> **GOAL OF THE EXERCISE**: Give back, exactly and with nothing else, the lines running from the one that contains "Poner una primera" to the end of the entries below; do not include pictures.

Saved data entries:
########
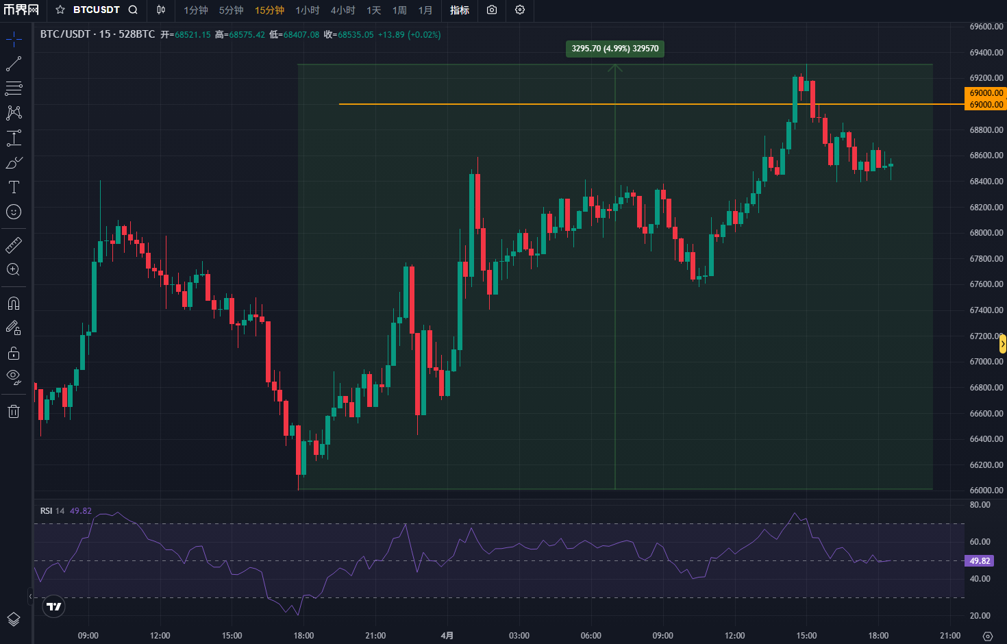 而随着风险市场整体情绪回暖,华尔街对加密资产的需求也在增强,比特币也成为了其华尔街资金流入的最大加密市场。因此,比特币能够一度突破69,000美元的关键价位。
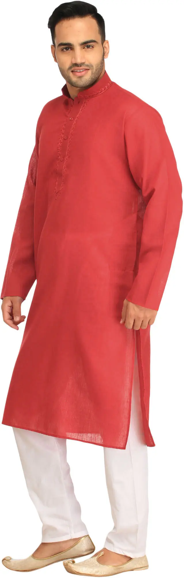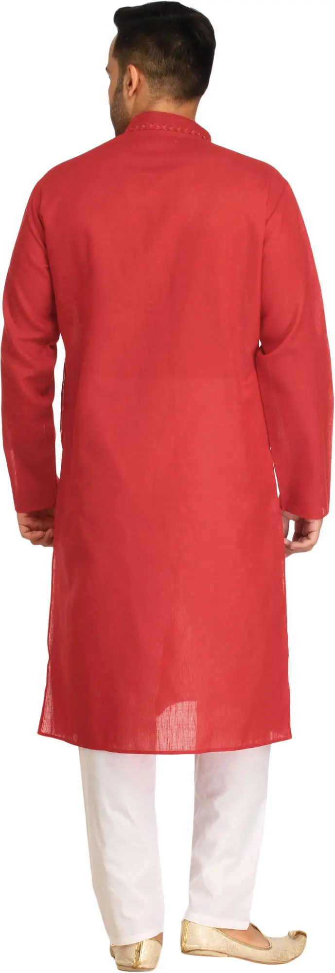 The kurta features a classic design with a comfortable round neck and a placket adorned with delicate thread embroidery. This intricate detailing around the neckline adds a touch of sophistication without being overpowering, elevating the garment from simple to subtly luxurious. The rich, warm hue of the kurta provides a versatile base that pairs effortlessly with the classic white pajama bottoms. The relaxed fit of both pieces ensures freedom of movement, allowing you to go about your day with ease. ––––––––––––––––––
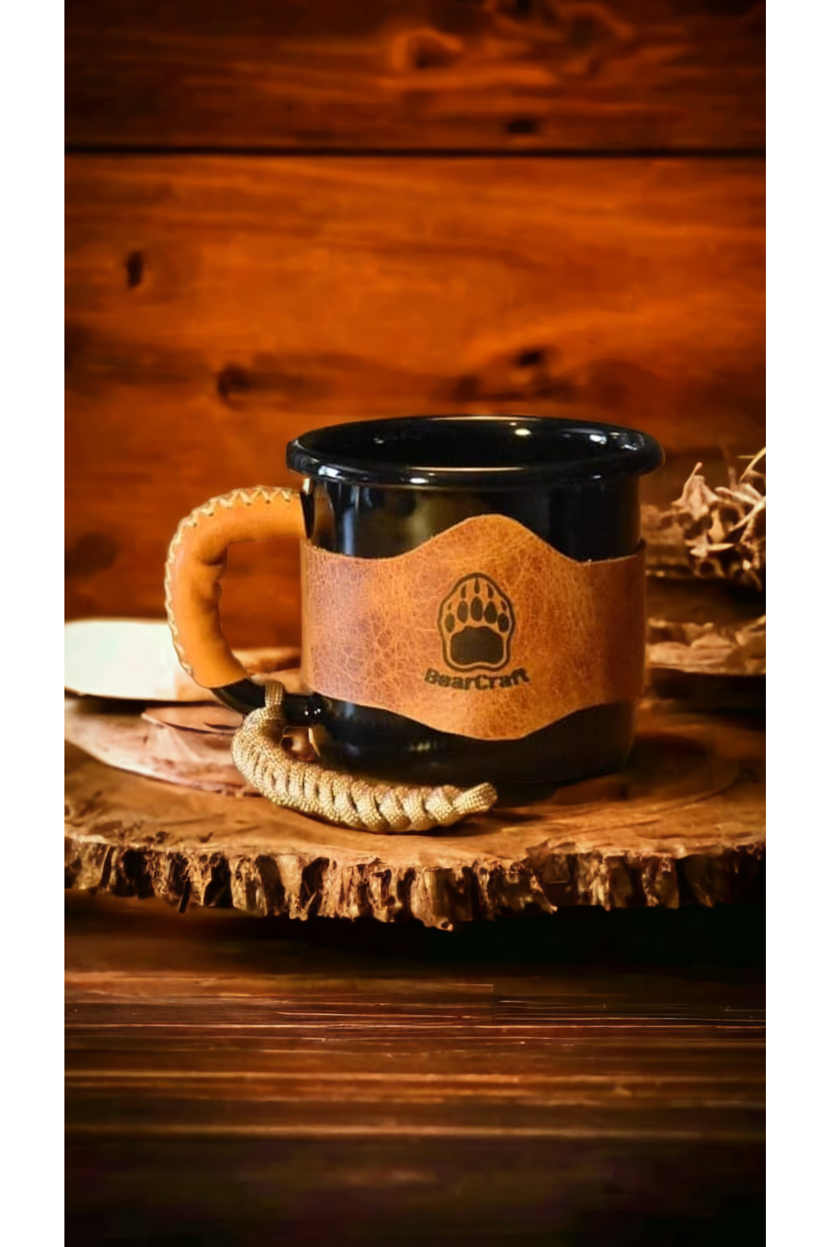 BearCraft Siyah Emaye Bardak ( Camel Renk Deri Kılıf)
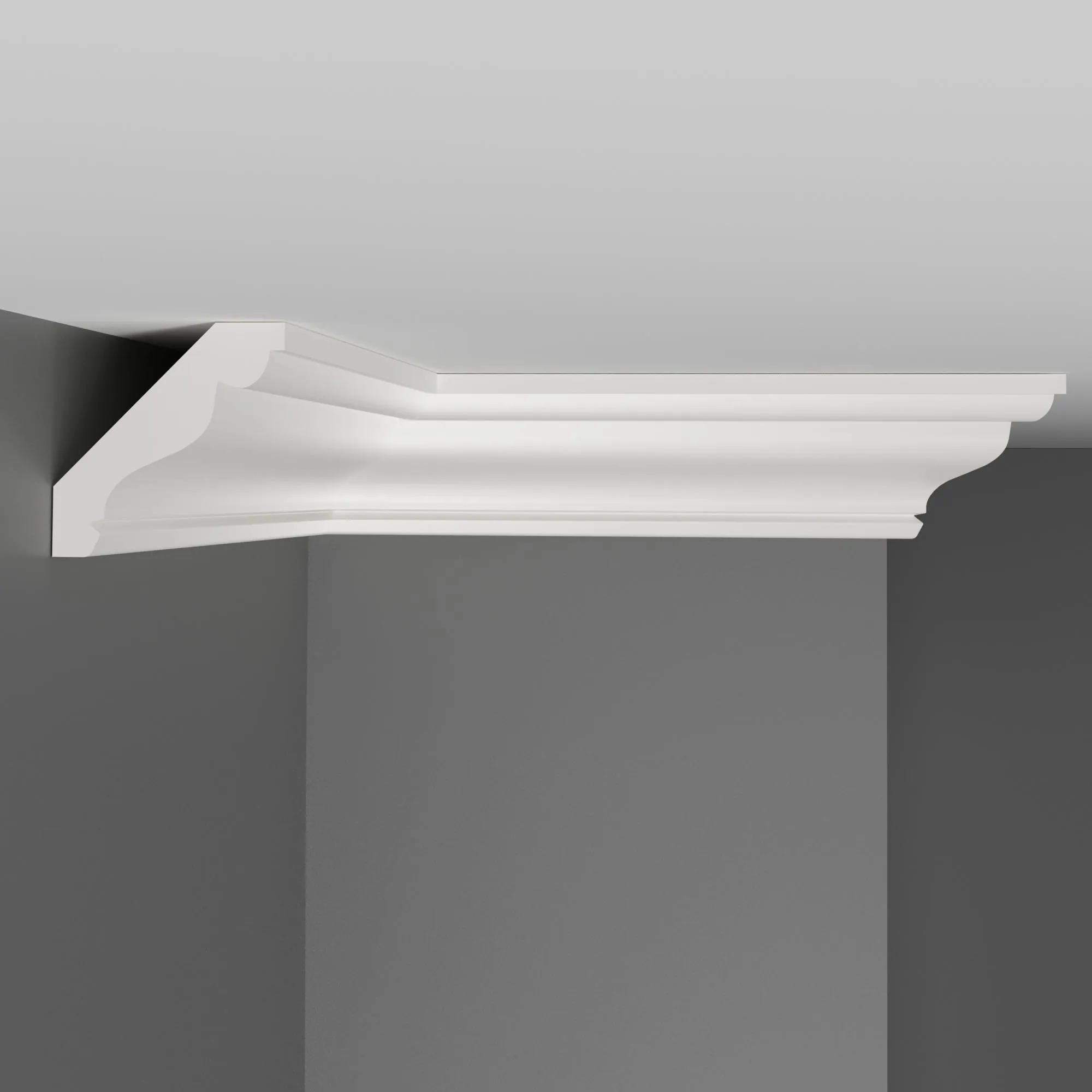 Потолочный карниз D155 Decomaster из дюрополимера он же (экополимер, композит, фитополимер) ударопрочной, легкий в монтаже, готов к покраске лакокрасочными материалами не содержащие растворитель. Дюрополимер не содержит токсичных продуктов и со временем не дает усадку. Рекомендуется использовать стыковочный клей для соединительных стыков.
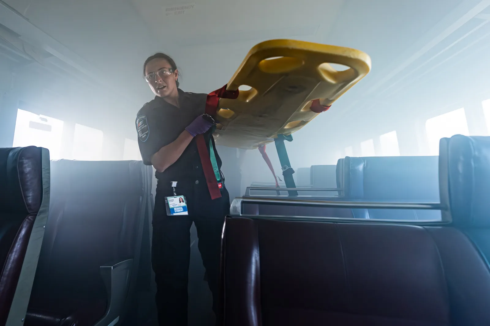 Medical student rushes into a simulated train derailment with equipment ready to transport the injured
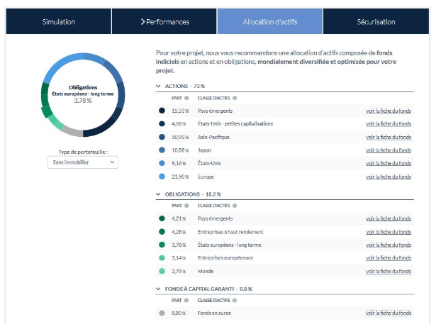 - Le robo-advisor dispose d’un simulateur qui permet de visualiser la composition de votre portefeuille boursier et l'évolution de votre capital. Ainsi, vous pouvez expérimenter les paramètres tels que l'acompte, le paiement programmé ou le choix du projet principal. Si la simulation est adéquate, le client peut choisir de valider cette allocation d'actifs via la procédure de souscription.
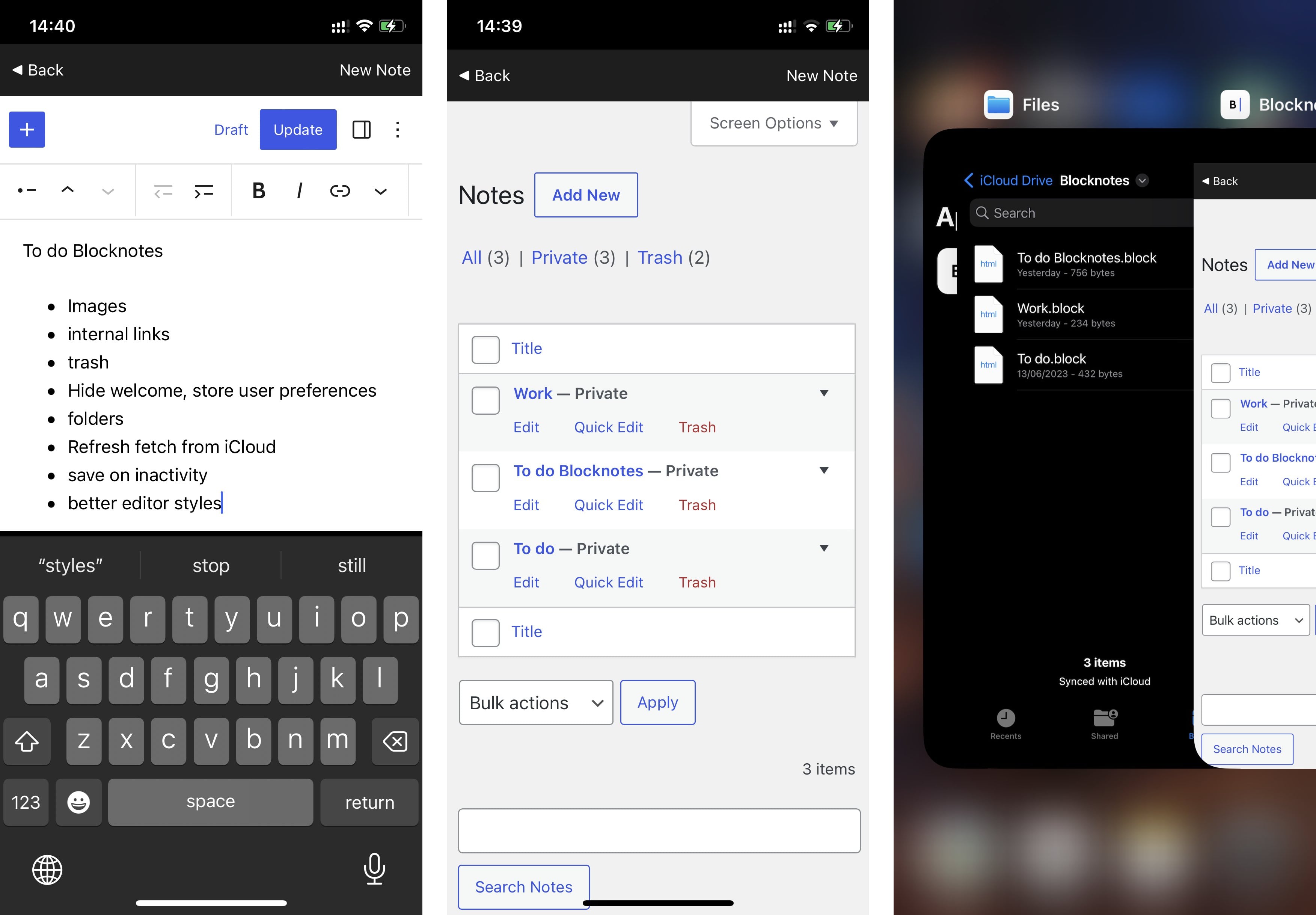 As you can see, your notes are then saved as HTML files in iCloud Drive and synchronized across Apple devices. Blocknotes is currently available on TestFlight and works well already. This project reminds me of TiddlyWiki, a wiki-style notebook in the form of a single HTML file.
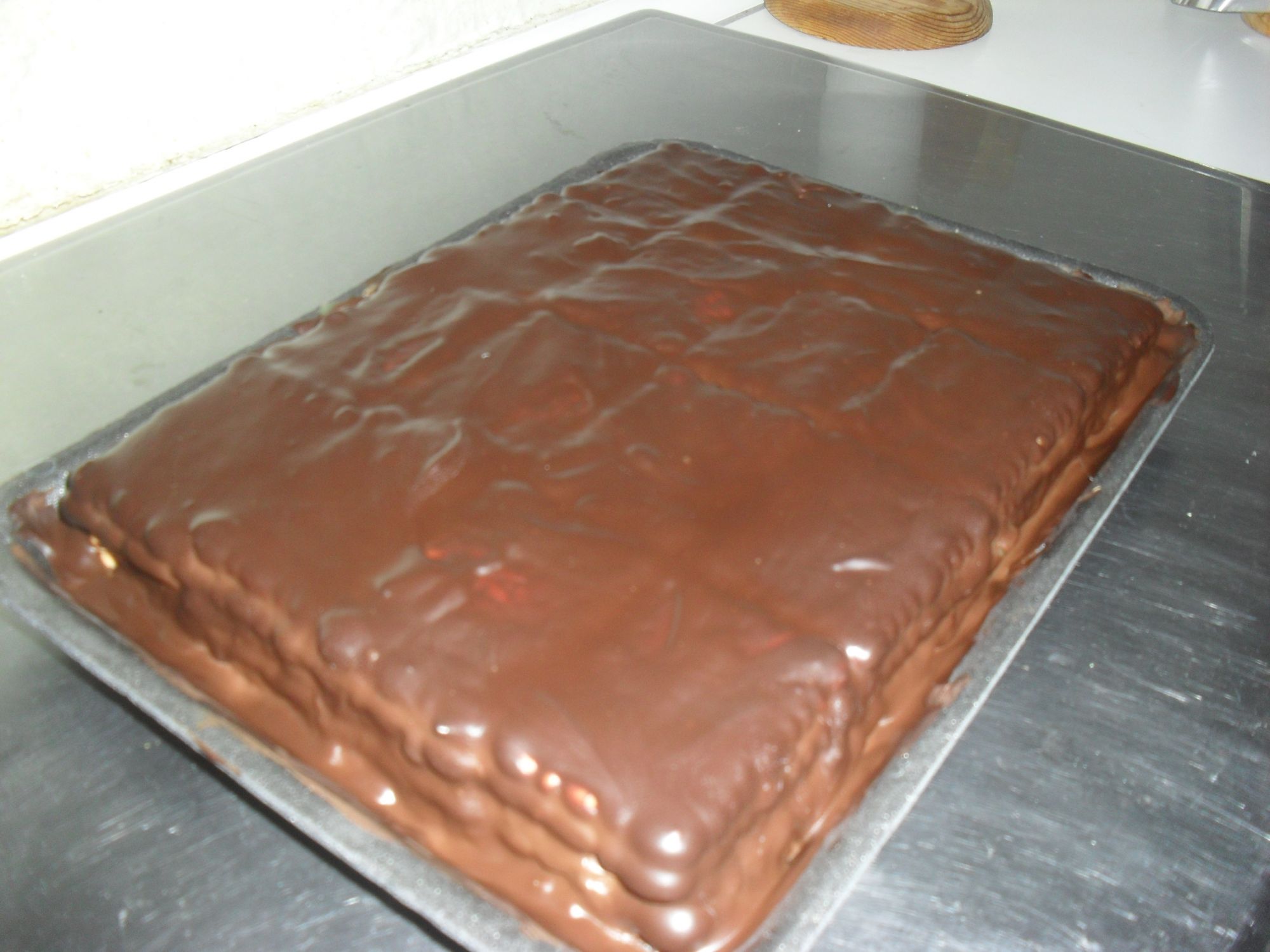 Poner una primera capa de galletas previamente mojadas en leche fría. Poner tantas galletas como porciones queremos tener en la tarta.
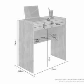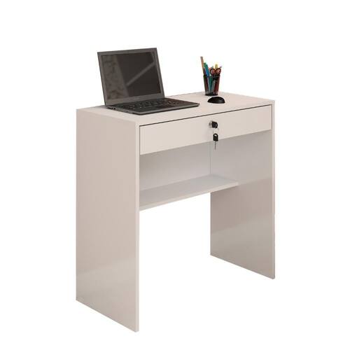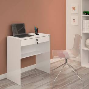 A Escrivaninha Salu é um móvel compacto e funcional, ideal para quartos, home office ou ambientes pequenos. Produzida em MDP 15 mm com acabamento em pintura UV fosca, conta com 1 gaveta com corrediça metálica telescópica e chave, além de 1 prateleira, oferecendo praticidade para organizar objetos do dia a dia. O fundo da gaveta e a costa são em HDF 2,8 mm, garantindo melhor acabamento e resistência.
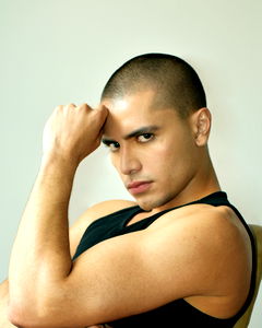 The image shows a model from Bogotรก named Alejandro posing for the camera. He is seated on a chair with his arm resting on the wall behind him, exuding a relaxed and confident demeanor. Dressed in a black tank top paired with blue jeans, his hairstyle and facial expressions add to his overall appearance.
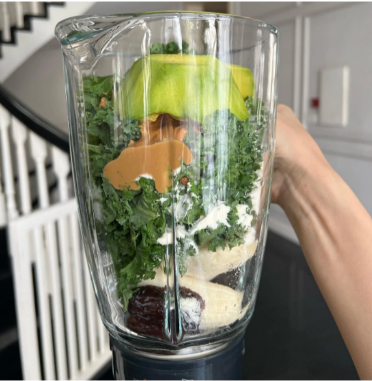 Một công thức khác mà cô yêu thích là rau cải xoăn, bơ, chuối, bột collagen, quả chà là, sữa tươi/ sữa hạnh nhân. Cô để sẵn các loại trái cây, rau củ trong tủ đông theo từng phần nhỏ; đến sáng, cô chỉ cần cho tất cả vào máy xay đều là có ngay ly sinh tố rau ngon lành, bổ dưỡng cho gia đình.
########
> **RESPONSE BOX**:
 Poner una primera capa de galletas previamente mojadas en leche fría. Poner tantas galletas como porciones queremos tener en la tarta.
 A Escrivaninha Salu é um móvel compacto e funcional, ideal para quartos, home office ou ambientes pequenos. Produzida em MDP 15 mm com acabamento em pintura UV fosca, conta com 1 gaveta com corrediça metálica telescópica e chave, além de 1 prateleira, oferecendo praticidade para organizar objetos do dia a dia. O fundo da gaveta e a costa são em HDF 2,8 mm, garantindo melhor acabamento e resistência.
 The image shows a model from Bogotรก named Alejandro posing for the camera. He is seated on a chair with his arm resting on the wall behind him, exuding a relaxed and confident demeanor. Dressed in a black tank top paired with blue jeans, his hairstyle and facial expressions add to his overall appearance.
 Một công thức khác mà cô yêu thích là rau cải xoăn, bơ, chuối, bột collagen, quả chà là, sữa tươi/ sữa hạnh nhân. Cô để sẵn các loại trái cây, rau củ trong tủ đông theo từng phần nhỏ; đến sáng, cô chỉ cần cho tất cả vào máy xay đều là có ngay ly sinh tố rau ngon lành, bổ dưỡng cho gia đình.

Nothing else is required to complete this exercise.